▸ **Problem**:
Only the lines of the listing below that run from the line with "Inspired by the" through the line with "Dans l’ensemble les" are to be set down, word for word. Pictures stay out.
───── Records for the exercise ─────
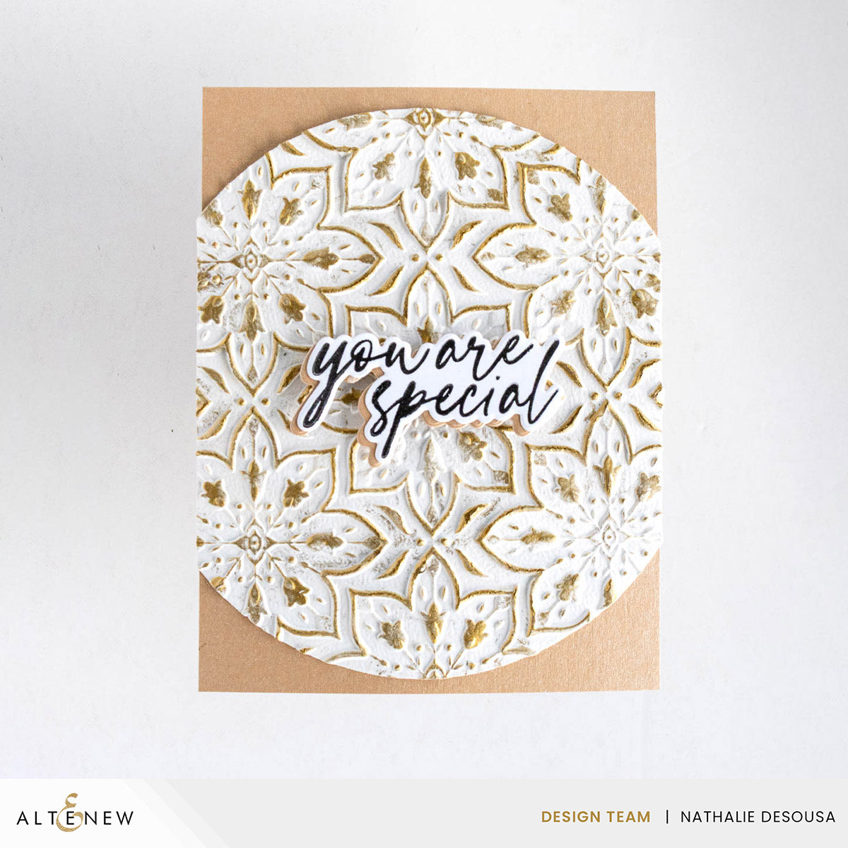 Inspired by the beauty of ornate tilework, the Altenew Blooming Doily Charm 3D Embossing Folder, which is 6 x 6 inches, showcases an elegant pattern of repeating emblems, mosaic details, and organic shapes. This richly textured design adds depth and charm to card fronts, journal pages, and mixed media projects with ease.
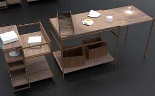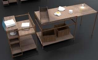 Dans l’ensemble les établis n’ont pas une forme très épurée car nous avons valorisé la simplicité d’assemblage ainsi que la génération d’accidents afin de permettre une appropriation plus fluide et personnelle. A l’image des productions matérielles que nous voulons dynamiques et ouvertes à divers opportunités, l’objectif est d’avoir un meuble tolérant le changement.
─────
───── Records for the exercise ─────
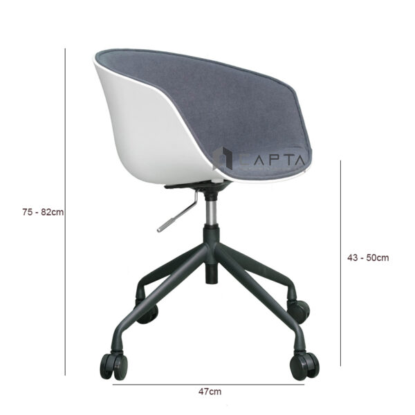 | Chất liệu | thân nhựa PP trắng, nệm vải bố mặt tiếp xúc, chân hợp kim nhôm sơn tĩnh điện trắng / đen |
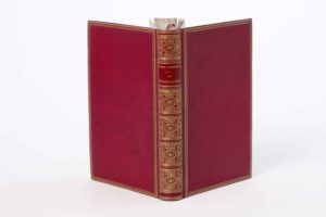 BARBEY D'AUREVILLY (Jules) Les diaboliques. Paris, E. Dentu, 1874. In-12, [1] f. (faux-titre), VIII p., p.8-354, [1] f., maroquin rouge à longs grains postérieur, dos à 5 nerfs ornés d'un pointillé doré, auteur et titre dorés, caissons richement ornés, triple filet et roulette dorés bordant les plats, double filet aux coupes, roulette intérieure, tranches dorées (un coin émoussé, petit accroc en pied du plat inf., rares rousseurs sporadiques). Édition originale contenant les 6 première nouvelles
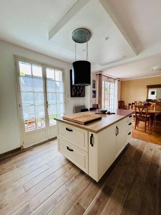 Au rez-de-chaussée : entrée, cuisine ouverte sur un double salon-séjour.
─────
───── Records for the exercise ─────
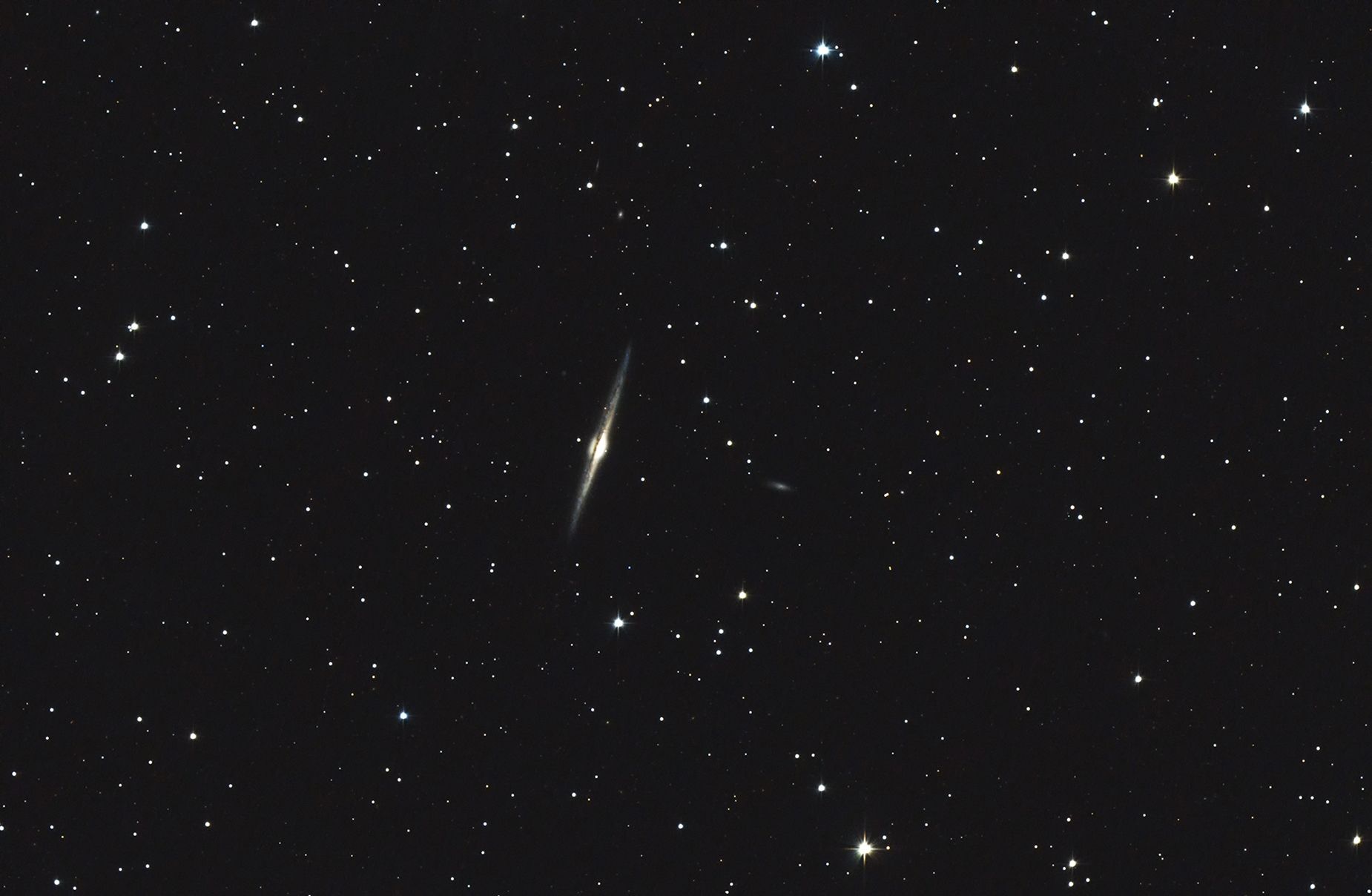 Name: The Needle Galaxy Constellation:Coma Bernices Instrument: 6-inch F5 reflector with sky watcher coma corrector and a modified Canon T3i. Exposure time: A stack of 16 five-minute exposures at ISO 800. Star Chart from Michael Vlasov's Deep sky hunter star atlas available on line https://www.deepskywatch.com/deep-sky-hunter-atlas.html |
─────
▸ **Output**:
 Inspired by the beauty of ornate tilework, the Altenew Blooming Doily Charm 3D Embossing Folder, which is 6 x 6 inches, showcases an elegant pattern of repeating emblems, mosaic details, and organic shapes. This richly textured design adds depth and charm to card fronts, journal pages, and mixed media projects with ease.
 Dans l’ensemble les établis n’ont pas une forme très épurée car nous avons valorisé la simplicité d’assemblage ainsi que la génération d’accidents afin de permettre une appropriation plus fluide et personnelle. A l’image des productions matérielles que nous voulons dynamiques et ouvertes à divers opportunités, l’objectif est d’avoir un meuble tolérant le changement.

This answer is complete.